Sur cette végétation de musique, se sont posées une quantité bien plus grande de chansons, car souvent elles se sont abattues à quatre ou cinq sur un seul air, comme des oiseaux sur une branche. Elles se sont ainsi multipliées à l'infini[90]. Le pays entier en est sonore. Tout le monde y chante. Le principal Shairp, qui a laissé lui-même quelques douces mélodies et surtout a écouté les mélodies de sa contrée avec un coeur attendri, a heureusement décrit cette universalité de chansons. «Jusqu'à une époque très récente, l'air entier de l'Écosse, parmi le peuple des campagnes, était parfumé de chansons. Vous entendiez la laitière chanter une vieille chanson, en trayant les vaches dans le pré ou dans l'étable; la ménagère vaquait à son travail ou filait à son rouet, avec un _lilt_ sur les lèvres. Vous pouviez entendre, dans une glen des Hautes-Terres, quelques moissonneuses solitaires chanter, comme celle que Wordsworth a immortalisée. Dans les champs des Basses-Terres, à la moisson, tantôt l'un, tantôt l'autre des faucheurs prenait une mélodie vieille comme le monde, et toute la bande éclatait en un chorus bien connu. Le laboureur en hiver, en retournant le gazon vert, faisait passer le temps en bourdonnant ou en sifflant un air; même le tisserand, quand il poussait la navette entre les fils, adoucissait par une chanson le dur bruit. Jadis, la chanson était le grand amusement des paysans, lorsque par les soirs d'hiver, ils se réunissaient pour les veillées du hameau, au foyer les uns des autres. Tel a été l'usage de l'Écosse pendant des siècles.[91]»

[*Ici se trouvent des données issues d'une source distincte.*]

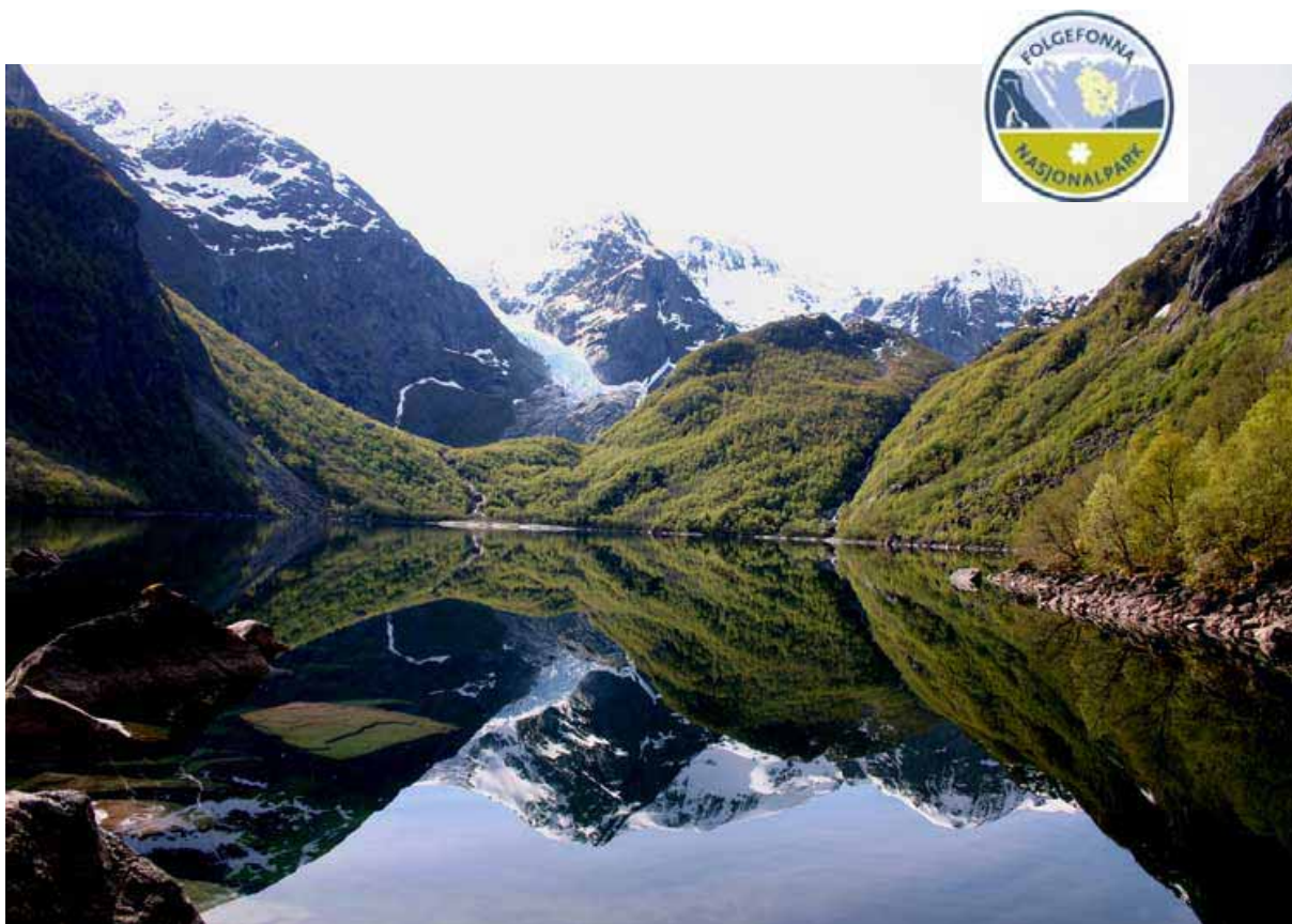
Folgefonna nasjonalpark Bondhusvatnet med breen i bakgrunnen

http://www.miljostatus.no/hordaland/tema/naturomrade/Verneplan_Folgefonna/index.htm

[Footnote 90: J. Clark Murray. _The Ballads and Songs of Scotland_, p. 191.]

[Footnote 91: Shairp _Aspects of Poetry_, chap. VII, p. 199.]

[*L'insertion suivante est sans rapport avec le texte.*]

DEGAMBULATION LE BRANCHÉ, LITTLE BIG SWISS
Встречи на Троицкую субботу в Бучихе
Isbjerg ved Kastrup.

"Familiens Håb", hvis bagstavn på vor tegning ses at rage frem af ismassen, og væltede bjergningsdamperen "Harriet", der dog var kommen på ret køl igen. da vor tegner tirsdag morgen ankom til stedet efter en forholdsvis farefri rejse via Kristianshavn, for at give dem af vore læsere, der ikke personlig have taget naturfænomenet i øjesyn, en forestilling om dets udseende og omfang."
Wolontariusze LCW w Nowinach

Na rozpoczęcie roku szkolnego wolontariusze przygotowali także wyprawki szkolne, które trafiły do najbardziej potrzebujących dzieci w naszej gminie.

Ce n'est là qu'un résumé élégant et un peu académique de ce bruissement de chansons par tout le pays. Veut-on un exemple particulier, et autrement pénétrant, de ce que pouvaient être, même en des temps proches de nous, l'influence et les bienfaits de la chanson en Écosse? C'est un passage emprunté à un livre navrant, les souvenirs de William Thom d'Inverarie, un pauvre tisserand, qui fut lui-même un poète, et qui mourut de misère, en 1850, après une vie affreuse de labeur et de famine, dont le récit mouille les yeux. Il parle de chansons populaires, de celles de Burns, du berger d'Ettrick, c'est-à-dire de James Hogg, alors dans tout l'éclat de sa production, et de Tannahill, qui avait été tisserand. Il les montre voltigeant au-dessus des métiers. Il y a dans ces lignes un tableau de misère et un hommage de gratitude qui sont d'une grande éloquence. C'est une page qu'on peut lire avec soin, car elle en apprend beaucoup sur la vie morale des plus pauvres classes en Écosse. «Comme elles résonnaient, s'écrie-t-il, au-dessus du fracas d'un millier de métiers! Laissez-moi proclamer ce que nous devons à ces esprits de la chanson, quand ils semblaient aller de métier en métier, soutenant les découragés. Quand la poitrine est remplie de tout autre chose que d'espérance et de bonheur, que le refrain salubre et vigoureux éclate: _Un homme est un homme malgré tout_, et le tisserand surmené reprend coeur... Qui osera mesurer l'influence de ces chansons? Pour nous, elles servaient de sermons. Si l'un de nous avait été assez hardi pour entrer dans une église, il en eût été expulsé par décence. Ses vêtements misérables et curieusement rapiécés auraient disputé l'attention des auditeurs à l'éloquence ordinaire de l'époque. Les cloches de l'église ne sonnaient pas pour nous. Les poètes en vérité étaient nos prêtres; sans eux, les derniers débris de notre existence morale auraient disparu. La chanson était la goutte de rosée qui s'assemblait pendant les longues nuits découragées, et qui était fidèle à briller aux premiers rayons du soleil. Vous auriez pu voir le _Vieux Robin Gray_ faire venir des larmes à des yeux qui pouvaient rester secs dans le froid et la faim, dans la fatigue et la souffrance».[92]

[Footnote 92: _Rhymes and Recollections of a Hand-loom Weaver_, by William Thom, page 8.]